Being in pain has a way of putting you in a sour mood. You can't really go around the house screaming "why me?" but the thought was in my head, and the expression was on my face. My poor husband wasn't sure what to do with me. I know I send mixed signals because I don't want to be babied and to ask for him to do everything for me, I have a need to be self sufficient. At the same time I can't do anything without it hurting and I needed help to make it through the day. I spent most of the day being mad at myself and at RA and unfortunately my husband had to experience that right along with me.
Day 2 was worse. I hate not knowing when the flare will end. I hate that the world wasn't stopping so I could take it easy until I bounced back. I kept thinking if at least it was summer the the babies could stay in diapers and I could avoid those evil snaps.
I know from experience that if I can go with the flow and accept what is happening it's easier to cope but every now and then that is just too much to ask of myself. I wanted to be mad and I didn't want to accept this latest slap-in-the-face reminder of my limitations.

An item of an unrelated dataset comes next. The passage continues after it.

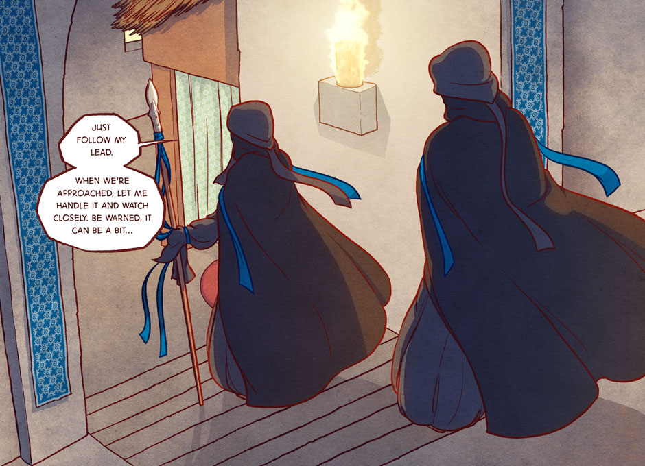 This is the first time that Kate Brown, who usually does rough layouts and first-pass colours for me, has taken on the majority of the work, including detailed roughs and a large amount of finished linework! There's more about how we split up the tasks on my Patreon ^_^

On day 3 I started to think this would go on all week. I was fed up, I'd had it. But that didn't change anything - still just as many diapers to change and bottles to make. I was just as mad about all of it. I cried, I yelled at my husband that there was nothing he could do, and I again cursed the cute clothing with all the little snaps.
The evening of day 3 was like a fever breaking, I suddenly started to feel better and my mood changed just as quickly. My husband noticed and commented on it. He seemed relieved but not quite sure if he could relax just yet even though the happy "me" was coming back. But it was subsiding, the end of the flare was here. The return to normalcy. Until the next time.....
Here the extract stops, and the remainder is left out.